= EXERCISE MATERIALS =
=======

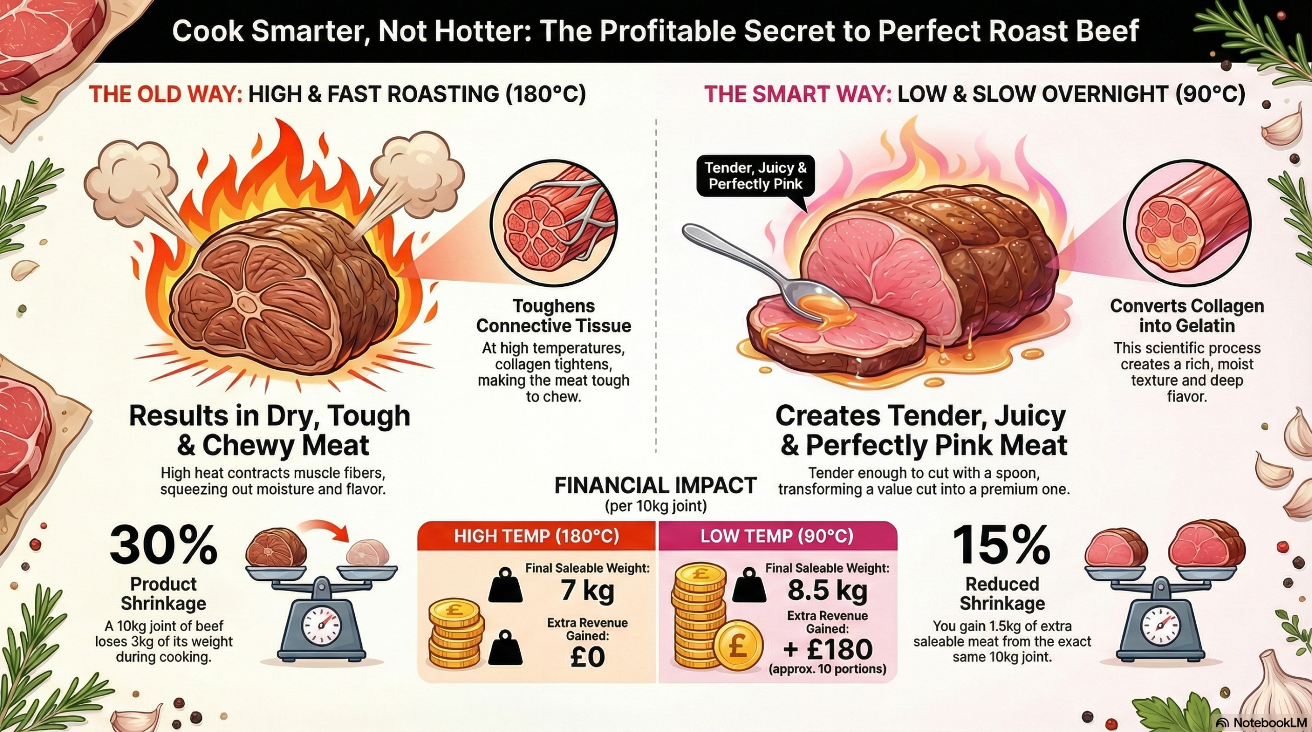 You gain 1.5kg of saleable beef just by changing the oven dial. That is roughly 10 extra portions. That is £180 extra revenue from the exact same joint.
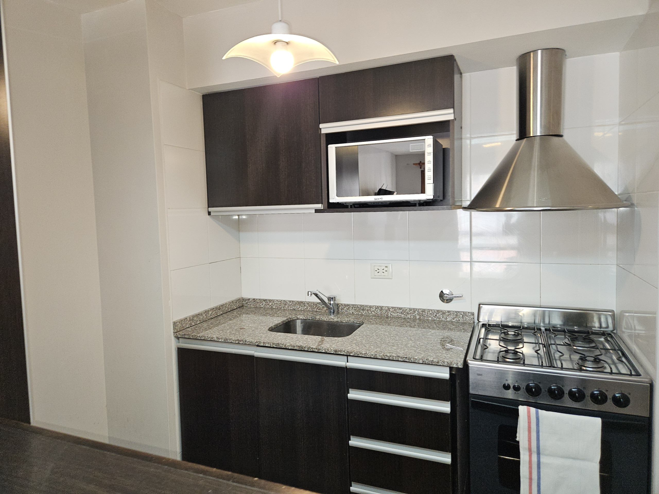 La cocina esta completamente equipada con: microondas, tostadora, pava eléctrica, heladera y todos los utensilios necesarios para cocinar como en casa, también cuenta con una plaza de estacionamiento cubierta dentro del mismo edificio.
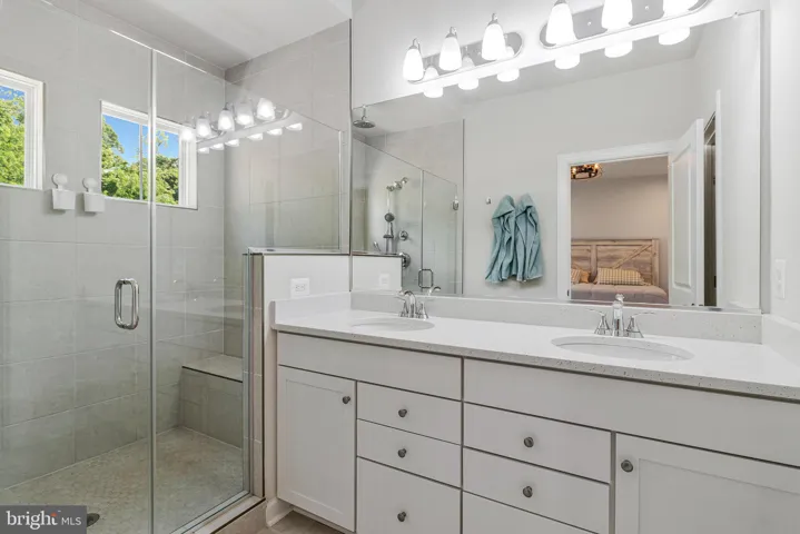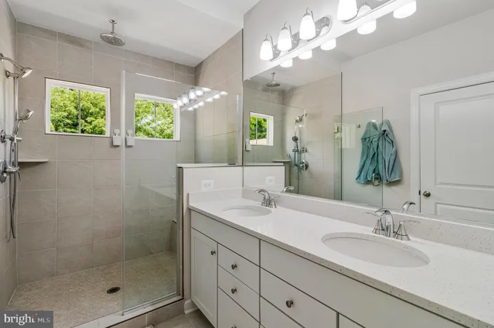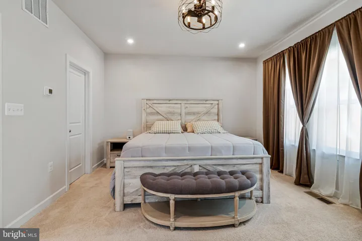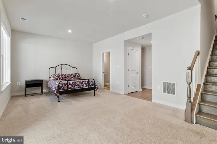 The bedroom level is dedicated to restful living, with three generously sized bedrooms, including a primary suite with a large walk-in closet and a spa-like en-suite bath, featuring a double vanity, upgraded cabinetry, and quartz countertops. The upper level also includes a convenient laundry area.
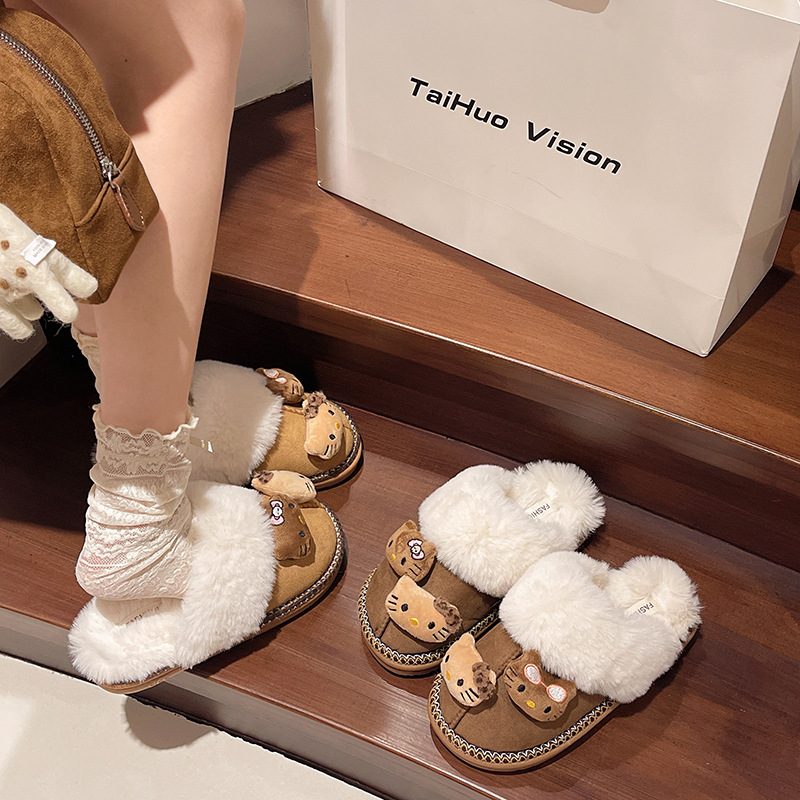Главная страница > Милые черные кожаные тапочки на плоской подошве с героями мультфильмов для женщин, зимние слипоны, модные плюшевые тапочки с рисунком кота
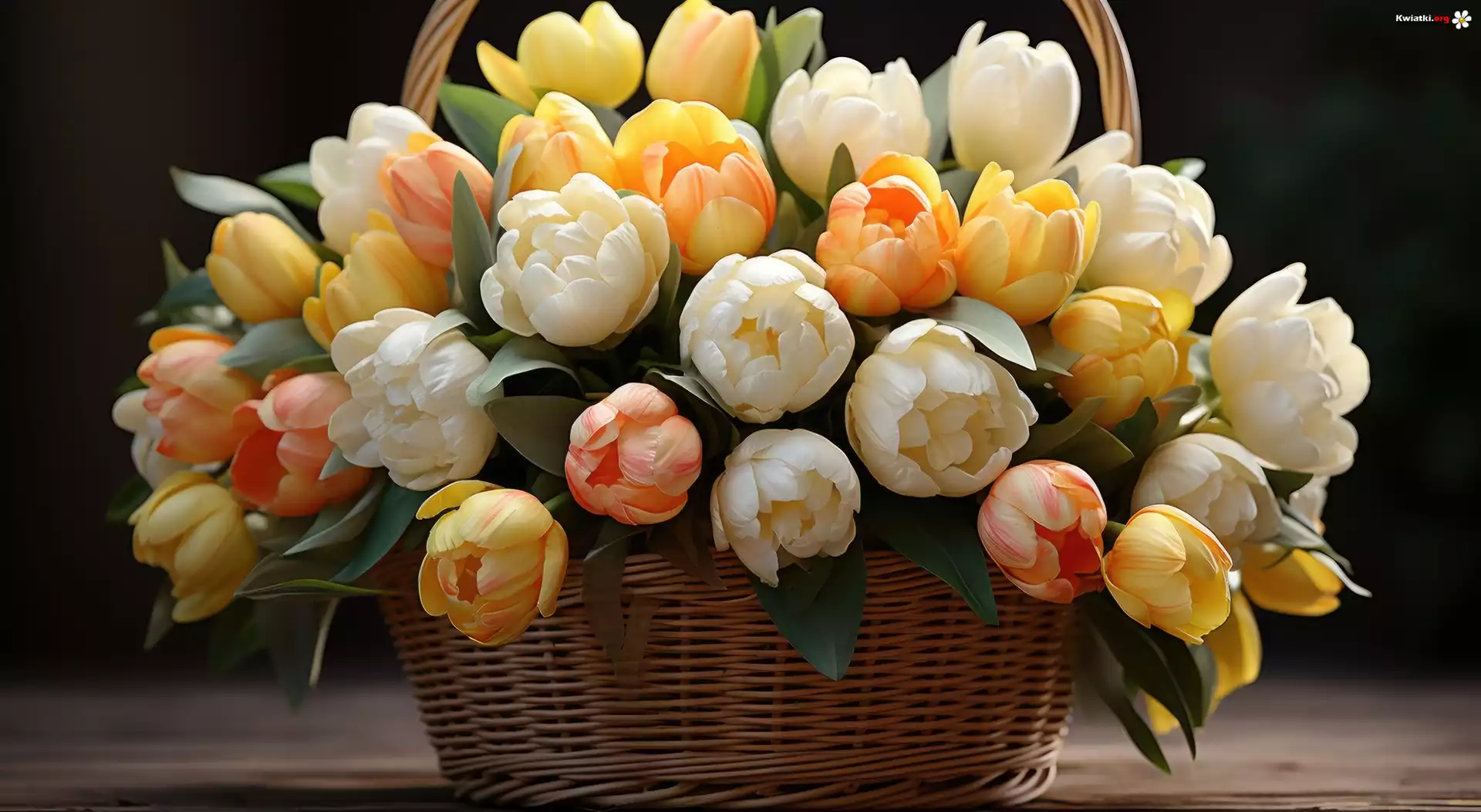 Kwiat Kolorowe, Tulipany, Koszyk, Wiklinowy
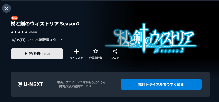 先に結論をお伝えすると、アニメ「杖と剣のウィストリア 2期」は動画配信サービス『U-NEXT』で配信予定です。
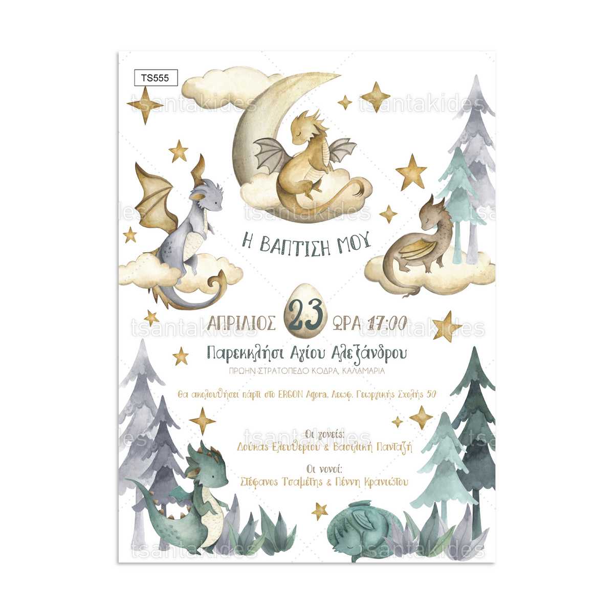 πρόσκληση βάπτισης δράκοι
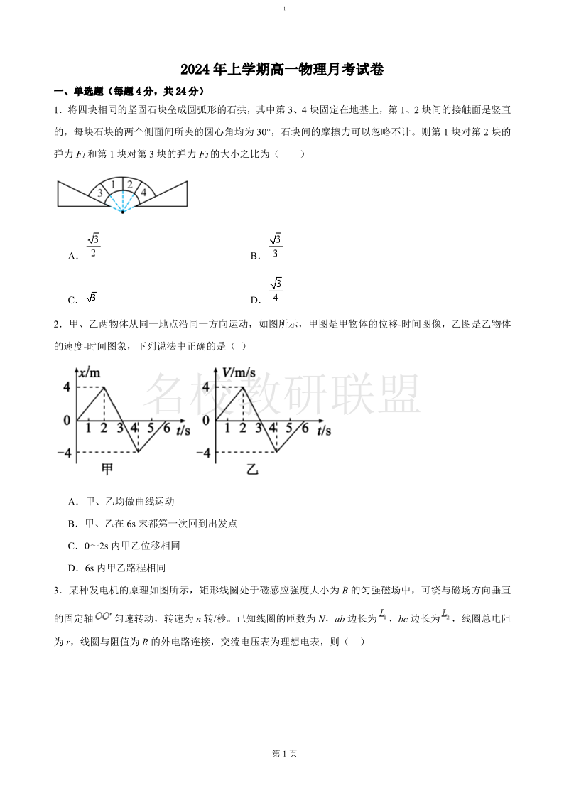 湖南省岳阳市岳阳县第一中学2024-2025学年高一上学期12月月考 物理.pdf
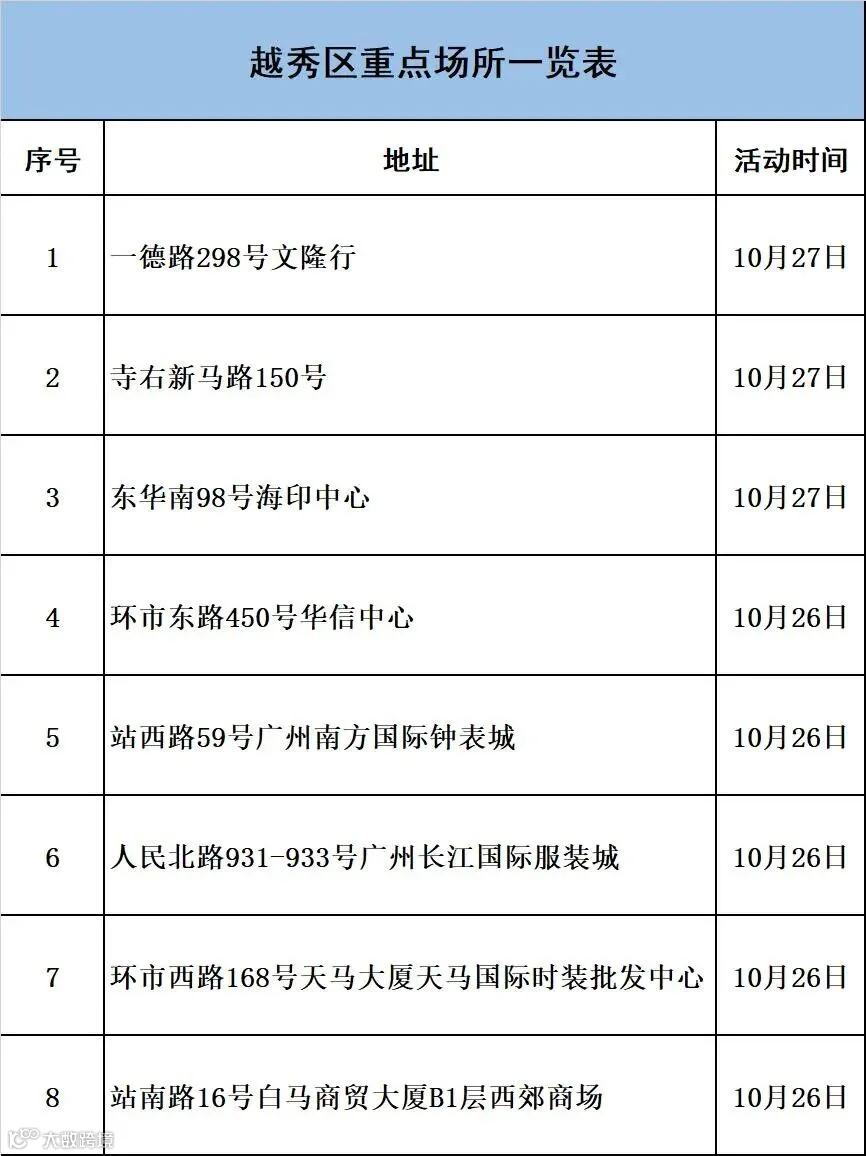 因新冠疫情防控需要,请在相关时段到过越秀区下述重点场所的人员,立即向所在社区联系报备,严格落实“3天3检”,并配合做好疫情防控各项措施。若不如实申报,不落实防控措施,造成严重后果的,将承担相应法律责任。

=======

= EXERCISE OBJECTIVE =
Repeat all of the data above word for word, minus the pictures.

= SOLVED PROBLEM =
 You gain 1.5kg of saleable beef just by changing the oven dial. That is roughly 10 extra portions. That is £180 extra revenue from the exact same joint.
 La cocina esta completamente equipada con: microondas, tostadora, pava eléctrica, heladera y todos los utensilios necesarios para cocinar como en casa, también cuenta con una plaza de estacionamiento cubierta dentro del mismo edificio.
 The bedroom level is dedicated to restful living, with three generously sized bedrooms, including a primary suite with a large walk-in closet and a spa-like en-suite bath, featuring a double vanity, upgraded cabinetry, and quartz countertops. The upper level also includes a convenient laundry area.
Главная страница > Милые черные кожаные тапочки на плоской подошве с героями мультфильмов для женщин, зимние слипоны, модные плюшевые тапочки с рисунком кота
 Kwiat Kolorowe, Tulipany, Koszyk, Wiklinowy
 先に結論をお伝えすると、アニメ「杖と剣のウィストリア 2期」は動画配信サービス『U-NEXT』で配信予定です。
 πρόσκληση βάπτισης δράκοι
 湖南省岳阳市岳阳县第一中学2024-2025学年高一上学期12月月考 物理.pdf
 因新冠疫情防控需要,请在相关时段到过越秀区下述重点场所的人员,立即向所在社区联系报备,严格落实“3天3检”,并配合做好疫情防控各项措施。若不如实申报,不落实防控措施,造成严重后果的,将承担相应法律责任。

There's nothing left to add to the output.